There was no statistical difference between the proportions of patients that were pain free at various time intervals over a period of 24 hours post- operatively, the time to first analgesic request between the groups was not statistically significant. The duration was 242±2.1minutes for the PD group and 181.7±22.1minutes for P group. (P value=0.28). Higher incidences of side effects were observed in the P group with no statistical differences.

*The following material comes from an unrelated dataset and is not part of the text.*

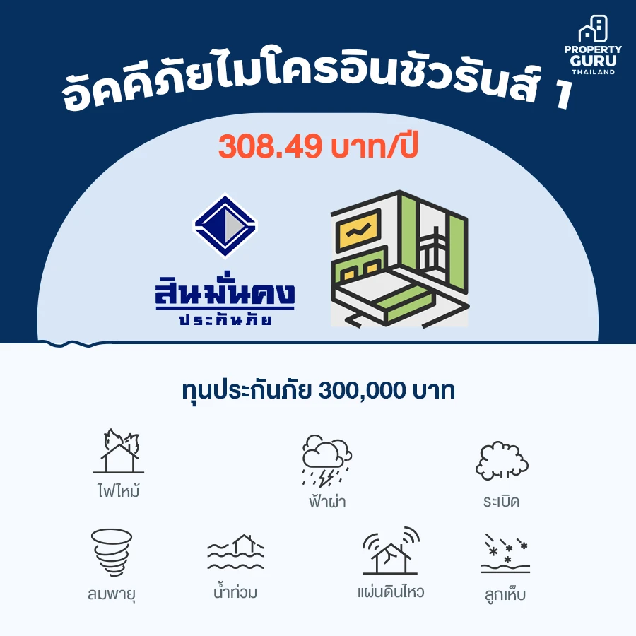 1. สินมั่นคง อัคคีภัยไมโครอินชัวรันส์ 1 ราคา 308.49 บาท/ปี

Patients' satisfaction was better in the PD group compared to the P group.

CONCLUSION

The study demonstrates that a combination of paracetamol infusion and intramuscular diclofenac has similar analgesic efficacy as intravenous pethidine. This combination can be a good substitute for pethidine.

摘要

目的

剖宫产分娩率呈上升趋势。阿片类镇痛药作为主要选择之一,其使用受到不良反应的限制。本研究评估了联合或不联合阿片类镇痛药的多模式疼痛管理方法的疗效。

患者与方法

64例计划在脊髓麻醉下进行择期剖宫产的孕妇被随机分为两组,每组32例。PD组在手术结束时静脉输注1克对乙酰氨基酚并肌内注射75毫克双氯芬酸,而P组在手术结束时静脉注射50毫克哌替啶。两组在皮肤缝合后均用20毫升0.1%的布比卡因(20毫克)进行伤口浸润。比较了不同时间间隔视觉模拟评分(VAS)≤3分的患者比例、首次要求镇痛的时间、患者满意度以及副作用/伤口裂开情况。

结果

术后24小时内各时间间隔无痛患者的比例在两组之间无统计学差异,两组之间首次要求镇痛的时间无统计学意义。PD组为242±2.1分钟,P组为181.7±22.1分钟。(P值=0.28)。P组副作用发生率较高,但无统计学差异。与P组相比,PD组患者满意度更高。

结论

该研究表明,对乙酰氨基酚输注和肌内注射双氯芬酸联合使用与静脉注射哌替啶具有相似的镇痛效果。这种联合用药可作为哌替啶的良好替代品。